Warm spicy Drowned Carnitas Party Sandwiches (Torta Ahogada) are a fabulous way to spice up any gathering!
Lt. Dan likes to tease me about my chips and salsa addiction.
He calls them my kryptonite, and often tells people I could eat my weight in tortillas chips if given the opportunity. In fact, we can’t keep chips in the house, because I am unable to keep my hands out of the bag.
In all honesty, this addiction goes way beyond chips and salsa. I am crazy over Mexican food in all its glorious forms and fashions.

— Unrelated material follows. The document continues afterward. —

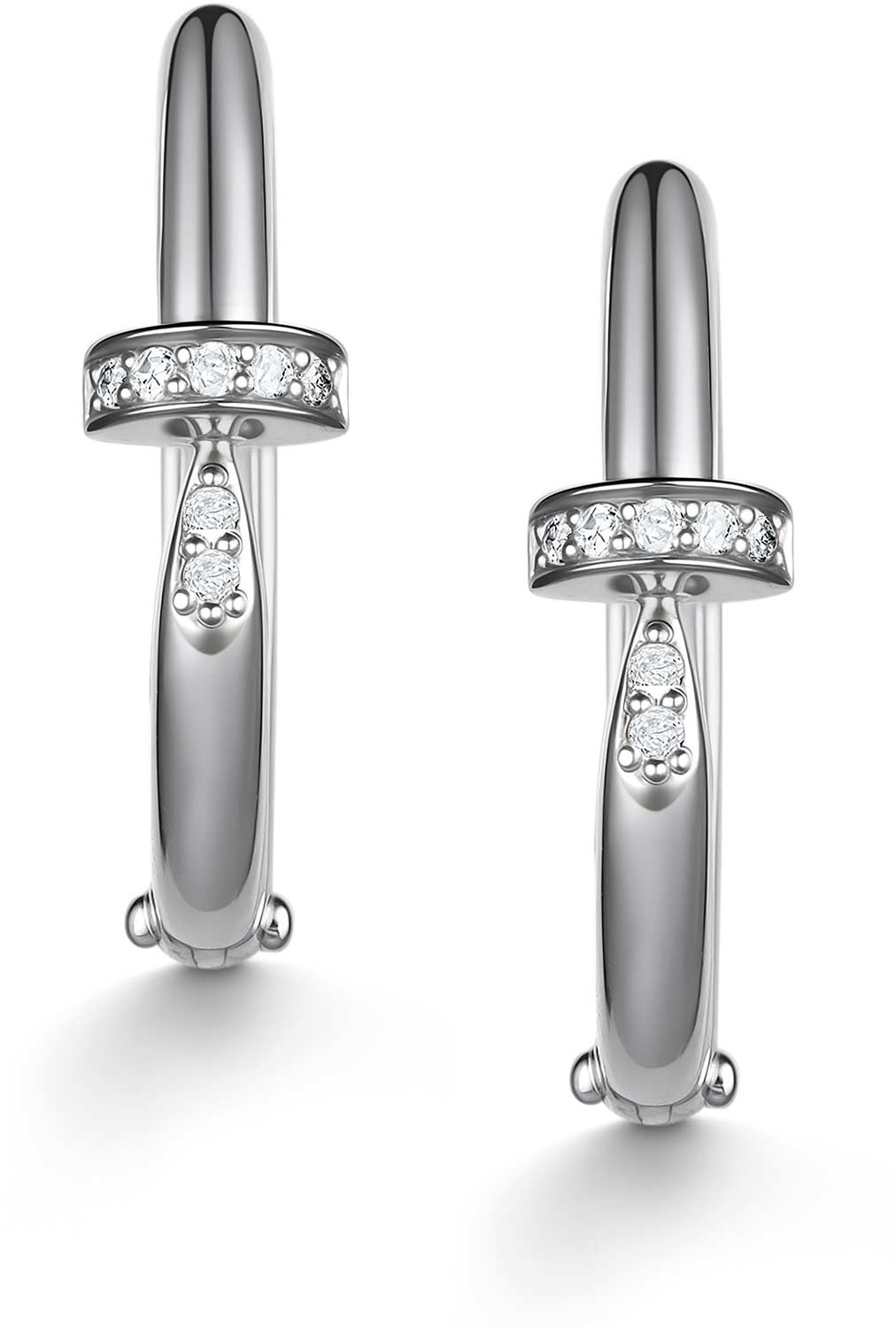 Серьги кольца конго из белого золота ''Гвоздь'' Алькор 25985-200 с бриллиантами

If it’s rolled or wrapped in a tortilla, I’m always game. However, I also like to explore the tortilla-less varieties of Mexican cuisine, like classic Torta Ahogada, drowned sandwiches smothered in red sauce.
Today’s recipe, Drowned Carnitas Party Sandwiches, is a play on traditional Torta Ahogada made on small tender yeast rolls, baked in a large batch for sharing.
The carnitas can be made several days ahead so you aren’t in a rush on the day you plan to serve the Drowned Carnitas Party Sandwiches.
Right before your party, cut soft bakery rolls open and add the shredded carnitas. Top them with a couple small squares of muenster cheese and Old El Paso Pickled Jalapeños. The cheese will melt and ooze over the carnitas in the oven, while the pickled jalapeños offer a bright pop of vinegar and spice.
Top each mini sandwich with its roll top and place them in the oven to warm and allow the cheese to melt.
Finally, pour another can of Old El Paso Red Enchilada Sauce over the tops of the sandwiches to drown them, and pop them back in the oven for 5 more minutes.
The Old El Paso Red Enchilada Sauce not only seasons the slow cooker carnitas, it provides bold spicy flavor to the saturated rolls. You can use mild, medium, or hot enchilada sauce to suit your tastebuds.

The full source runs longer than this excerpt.